While incomes fluctuated over the years, monthly mortgage payments have consistently risen, increasing from $1316.57 in 2019 to $1461.87 in 2021. Our examination of mortgage payments by province revealed that British Columbia led in spending across all three years, with payments rising from \$1731.91 in 2019 to \$2009.52 in 2021. In contrast, New Brunswick ranked lowest in mortgage payments in all three years, although payments increased from \$887.55 in 2019 to \$974.54 in 2021. Furthermore, when we analyzed the number of dwellings in each province, Ontario emerged as having the highest count with 78,972, followed by Quebec with 52,340 and British Columbia with 30,758. Prince Edward Island had the fewest dwellings of any province in Canada, with only 6,464 dwellings.
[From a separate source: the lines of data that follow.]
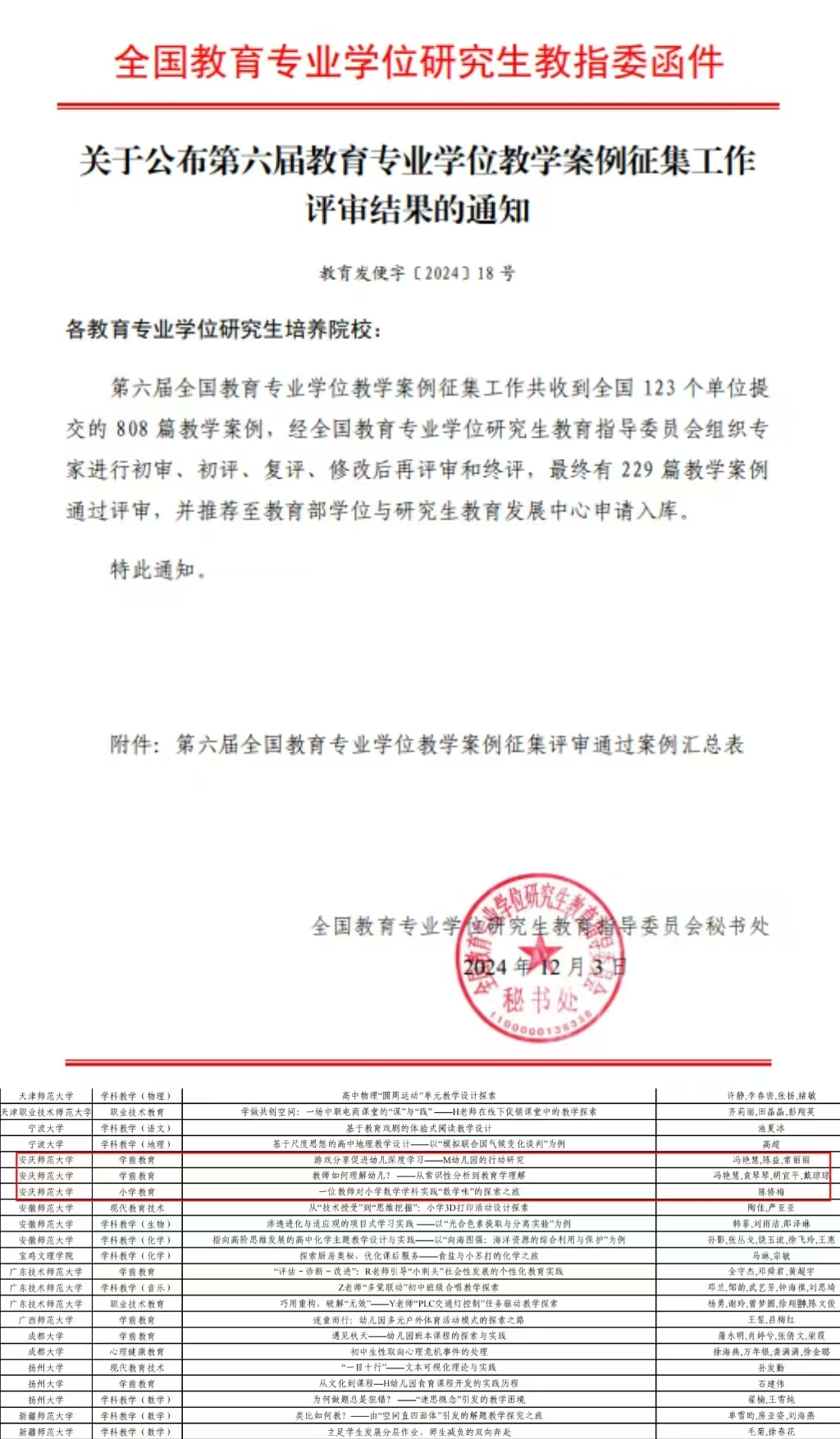 近日,全国教育专业学位研究生教育指导委员会公布第六届全国教育专业学位教学案例征集结果。纽约国际官网教育科学学院教师冯艳慧撰写的《游戏分享促进幼儿深度学习——M幼儿园的行动研究》《教师如何理解幼儿?——从常识性分析到教育学理解》,陈修梅撰写的《一位教师对小学数学学科实践“数学味”的探索之旅》入选中国专业学位教学案例中心案例库。截至2024年12月底,纽约国际官网已有6篇研究生教学案例入选案例库。
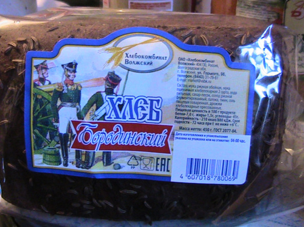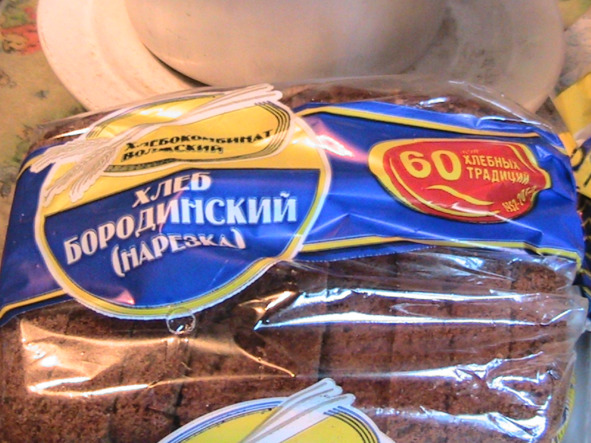 ««Бородинский в виде «нарезки». У нас «бородинский» продаётся двух видов: целой сайкой и в виде «нарезки». Оба вида хлеба производят в городе Волжский».
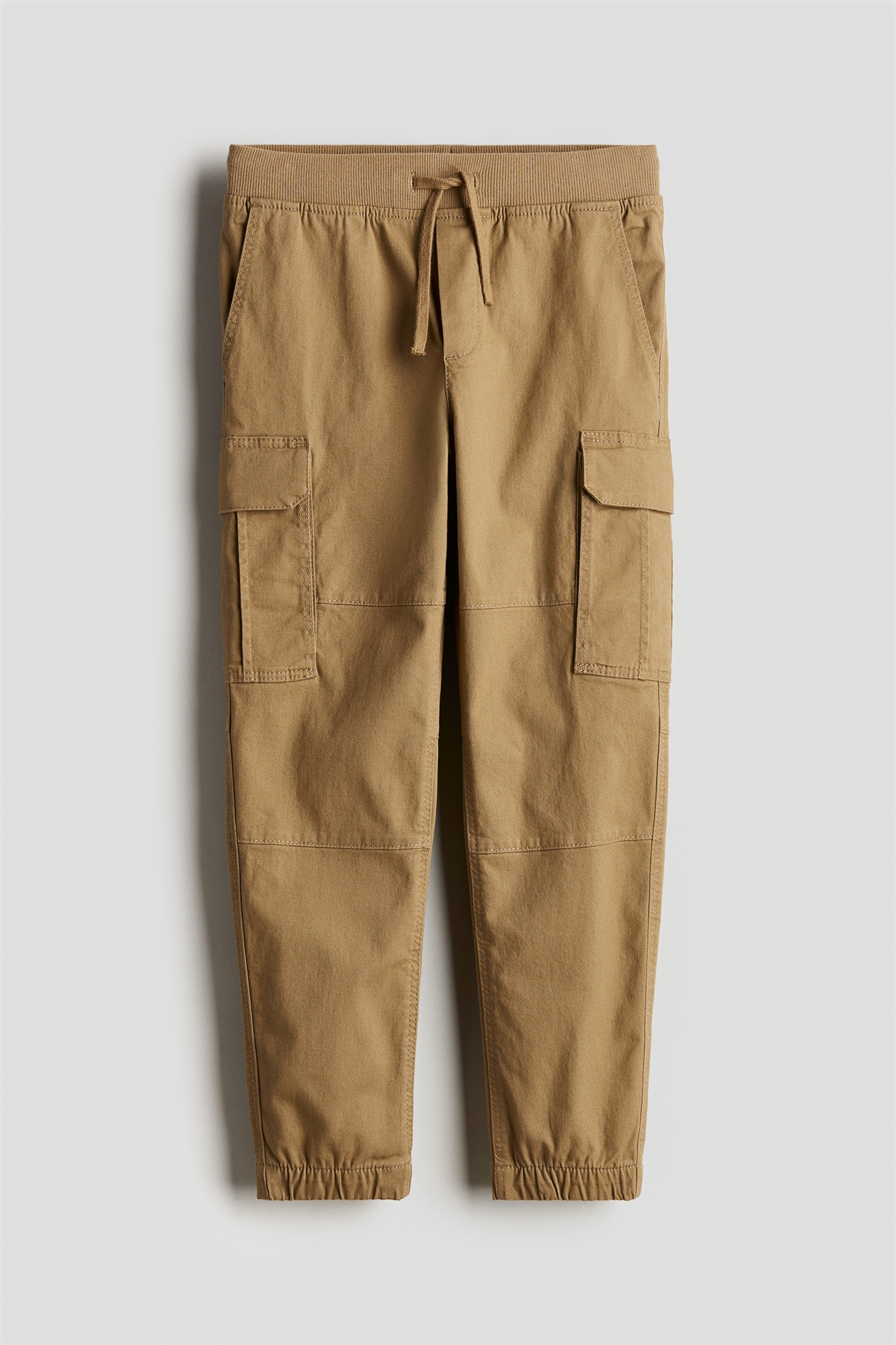 Брюки-карго из эластичной хлопковой саржи с утягивающим поясом и фальшивой ширинкой. Боковые карманы, накладные карманы на ногах с застежкой на крючок и петлю и фальшивые задние карманы. Зауженные ноги с ребристыми краями.
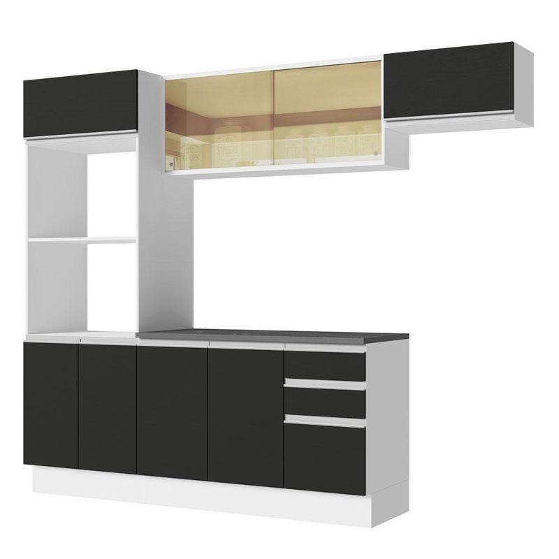 Armário De Cozinha Completa 100% Mdf 250cm Branco/preto Acordes Madesa 04 Branco/preto
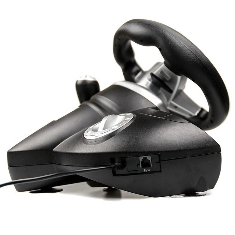 В состав комплекта входит 2 педали, что позволит добиться ещё более высокой реалистичности игрового процесса. По своей форме аксессуар полностью идентичен настоящему рулевому колесу автомобиля. Угол поворота Dialog GW-155VR составляет 270. Девайс совместим с игровыми платформами - PC.
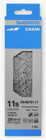 A corrente HG701-11 é direcional e recebe o tratamento SIL-TEC na placa de união do rolete e placa de união por pino, para aumentar a durabilidade. É compatível com as bicicletas de estrada de 11 velocidades, MTB e E-BIKEs em virtude de seu design reforçado. Modelo: CN-HG701-11. Marca: Shimano. Quantidade de elos: 116. Tecnologias: SIL-TEC E HG-X11. Peso: 300gramas. Recomendada para bikes MTB, SPEED E E-BIKES de 11 velocidades linha ULTEGRA OU DEORE XT.
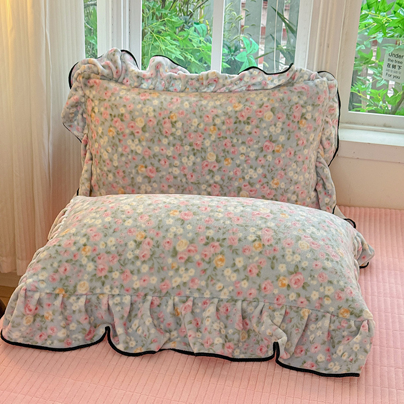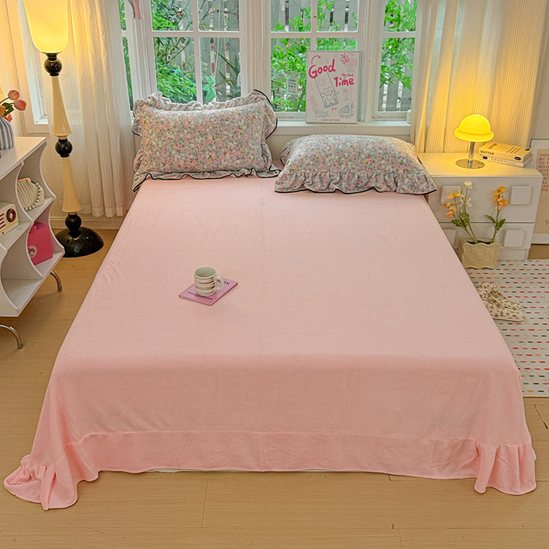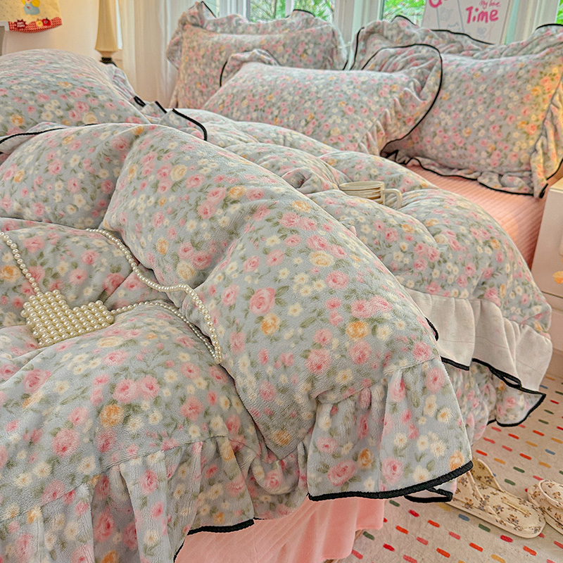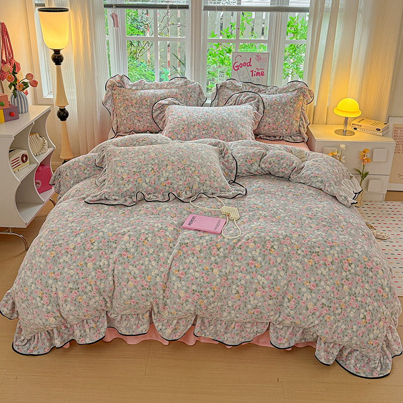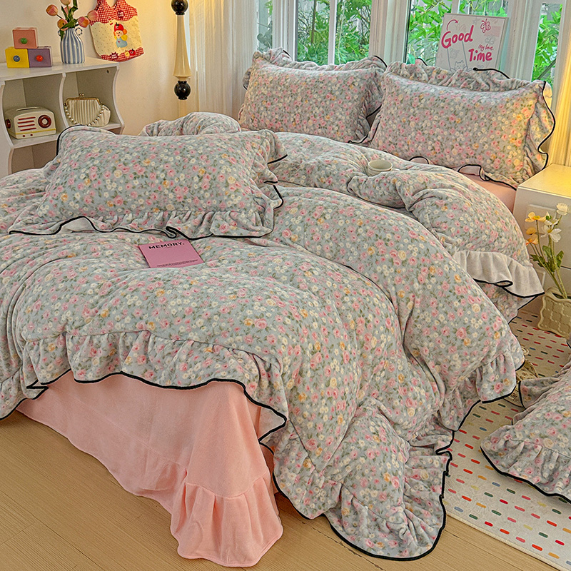 梦莱斯 2025新款加厚保暖双面牛奶绒四件套-黑色花边款 春不晚
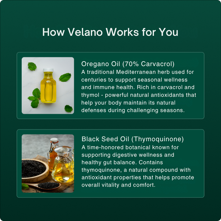 Answer 1: These softgels contain a potent 2-in-1 botanical blend with 80% carvacrol, which helps support your body's natural defenses, promotes respiratory health, and enhances daily vitality.
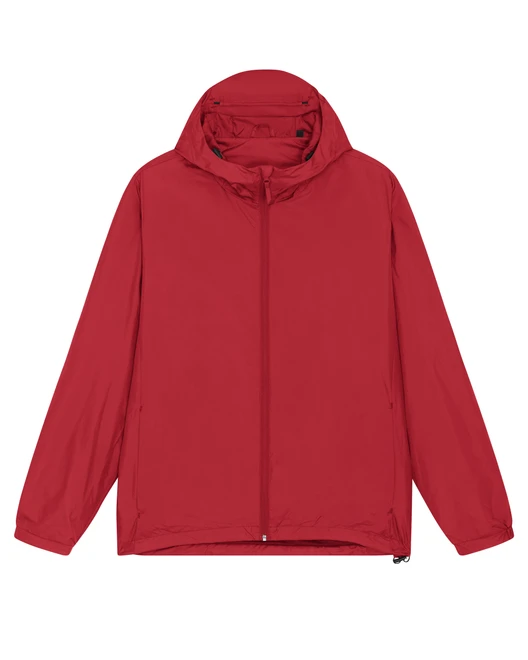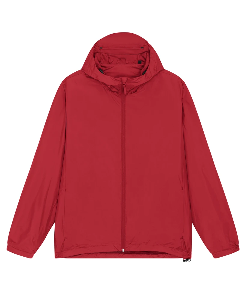 Material: 100% Recycled polyester, Fluorine-free DWR; Weight: 75gsm; Medium Fit, set-in sleeve, longer back length with curved hem for protection. bottom hem with adjustable plastic stopper and elastic cord, sealed hood visor and sealed welt pockets, double layered hood with adjustable plastic stopper and elastic cord on inside, reverse nylon zip at center front with chin guard, zipped welt pockets with extra grosgrain puller, side panels for better shape, semi-elastic sleeve cuff, self fabric half moon at back neck, inside zip opening at bottom hem and wearer's left chest for easy decoration; Certificates: Global Recycled Standard (GRS), Fair Wair, STANDARD 100 by OEKO-TEX®, Peta - Approved VEGAN

## <a name="meet_joined_analysis"></a>4. Joining Liabilites Dataset with Income Dataset:
by Meet Patel

In [None]:
joined_table = pd.read_sql_query('SELECT Income.Year, YEAR(clh.Date) AS Year, FORMAT(SUM(Income.EARNG), 2) AS "Total Earnings", SUM(Income.MORTGM) AS "Total monthly mortgage payments", FORMAT(AVG(clh.`Residential mortgages`), 2) AS "Average Yearly Residental Mortgage Liabilites" FROM Income INNER JOIN clh ON Income.Year = YEAR(clh.Date) WHERE YEAR(clh.Date) BETWEEN 2019 AND 2021 AND Income.EARNG NOT IN (1000000000000.0,  99999996) AND Income.MORTGM NOT IN (99999996) GROUP BY Income.Year;', engine)
joined_table

![image.png](attachment:image.png)

Lets look at the payment to income ratio to see how much Canadians allocated their income toward mortgage payments.

In [2]:
PIR2019 = (406582800.0 * 12)/(14593071600.00)
PIR2019 * 100

33.433630244094736

In [3]:
PIR2020 = (736856400.0 * 12)/(25444388700.00)
PIR2020 * 100

34.7513823352337

In [4]:
PIR2021 = (583023600.0 * 12)/(20368284900.00)
PIR2021 * 100

34.348906814436795

Lets look at the ratio between total liabilites in thousands to the total income of Canadians to see how much debt of Canadians is a result of mortgages.

In [5]:
LIR2019 = (1596147.67 * 1000)/14593071600.00
LIR2019 * 100

10.93770875488612

In [6]:
LIR2020 = (1696411.42 * 1000)/25444388700.00
LIR2020 * 100

6.66713372445847

In [7]:
LIR2021 = (1852028.67 * 1000)/20368284900.00
LIR2021 * 100

9.092707997225629

### <a name="meet_joined_analysis_results"></a>Discussion of Results

In 2019, Canadians spent 33.43% of their income on mortgage payments. The liabilities-to-income ratio for that year was 10.93%, meaning that 10.93% of the total income in Canada was allocated to residential mortgage liabilities. The liabilities-to-income ratio dropped to 6.67% in 2020, which can be attributed to historically low mortgage rates during the pandemic, reaching a record low of 2.00% (Canadian Mortgage Trends, 2021). These low interest rates likely encouraged Canadians to focus more of their income on paying off mortgage debt, resulting in a decrease in the liabilities-to-income ratio. This shift is further supported by the slight increase in the percentage of income allocated to mortgage payments, which rose from 33.43% in 2019 to 34.75% in 2020. Similar trends were observed in 2021; however, the liabilities-to-income ratio increased to 9.09%. The percentage of income allocated towards mortgage payments also saw a slight decrease, dropping from 34.75% to 34.35%. This indicates that Canadians continued to take advantage of low mortgage rates while paying off their mortgages. Despite fluctuations in the liabilities-to-income ratio, the proportion of income dedicated to mortgage payments remained consistent over the years. Experts recommend that 28% to 36% of total income should be allocated towards mortgage payments (What Percentage of Income Should Go toward a Mortgage?, n.d.). Given that the percentage of income allocated to mortgage payments stayed between 33% and 35%, it suggests that the housing market in Canada is relatively stable, despite the challenges posed by the pandemic.